Facial Recognition Technology: Some of the systems still found to perform less accurately for people with darker skin tones and women. This bias is due to the lack of diversity in the datasets used for training these systems which lead to inaccurate and unfair identification results.
Criminal Justice and Predictive Policing: AI algorithms used in criminal justice systems for risk assessment and predictive policing have faced scrutiny for perpetuating racial biases. If historical arrest data reflects systemic biases, the algorithms may recommend harsher sentences or increased police presence in already over-policed communities, exacerbating existing inequalities.
Healthcare Diagnostics: Bias can be present in AI systems used for healthcare diagnostics. If the training data is not representative of diverse populations, the diagnostic accuracy may vary across different demographic groups. This can lead to disparities in healthcare outcomes, with some groups receiving less accurate diagnoses or treatment recommendations.

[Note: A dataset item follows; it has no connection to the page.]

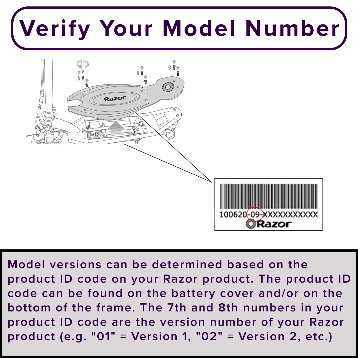 KEEP YOUR SCOOTER MOVING – Motors like this are what allow electric scooters and bikes to move on their own. EASY TO INSTALL – This motor comes with a bracket to make installation a breeze even if you have no DIY repair experience. HIGH QUALITY – Our brushed motor is made up of high quality parts and components to ensure long lasting fun. Also included is an 11 tooth #25 chain gear sprocket. WIDE COMPATIBILITY – This motor is the perfect replacement for a variety of Razor and other brand electric scooters, bikes, and go-karts. Note: Model versions can be determined based on the product ID code on your Razor product. The product ID code can be found on the battery cover and/or on the bottom of the frame. The 7th and 8th numbers in your product ID code are the version number of your Razor product (e.g. “01” = Version 1, “02” = Version 2, etc.)

Recruitment and Hiring Algorithms: AI systems involved in recruitment processes may inadvertently reinforce gender or racial biases present in historical hiring data. If the training data includes patterns of discrimination, the algorithms may learn and perpetuate those biases, affecting who gets selected for job opportunities.
Financial Services: AI systems used in assessing creditworthiness for loans can inadvertently discriminate against certain demographic groups. If historical lending practices have been biased, the algorithms may replicate these biases, leading to unequal access to financial services for specific populations.
To address these bias, AI researchers require a focused effort to ensure representative and unbiased datasets, transparency in algorithmic decision-making, and ongoing evaluation of the systems to identify and mitigate any unintended biases. The ethical development and deployment of AI technologies must prioritize fairness and accountability to avoid reinforcing existing social inequalities.
Paper 1: Children as creators, thinkers and citizens in an AI-driven future
Safinah Ali a,*, Daniella DiPaola a, Irene Lee a, Victor Sindato a, Grace Kim a, Ryan Blumofe b, Cynthia Breazeal a
Paper 2: Exploring Generative Models with Middle School Students
Safinah Ali a,*, Daniella DiPaola a, Irene Lee a, Cynthia Breazeal a, Jenna Hong
Similarities:
Paper 1: Presents generative AI techniques as a tool for creation, while also focusing on the critical discussion about their societal and ethical implications, and encouraging pro-activeness in being responsible consumers, creators and stakeholders of technology.
Paper 2: Introduced a generative model learning trajectory (LT), educational materials, and interactive activities for young learners with a focus on GANs, creation, and application of machine-generated media, and its ethical implications.
Differences:
Paper 1: Learning Activities: Introduced students to generative modeling techniques through examples of generative media, including Deepfakes. Students get a brief introduction to the two neural networks that make up a GAN, a commonly used generative algorithm, and how they are used to create Deepfakes. They also practice techniques to detect Deepfakes. Then, through a news-sharing simulation application, students witness what misinformation is, how misinformation spreads, and how Deepfakes can fuel that spread. Finally, students voice their opinions on what policies should be in place to regulate the presence of Deepfakes on social media platforms.
Paper 2: Conducted 5 learning activities with Targeted Cognitive Skill (BTL) and Generative modeling learning trajectory (LT) learning goals.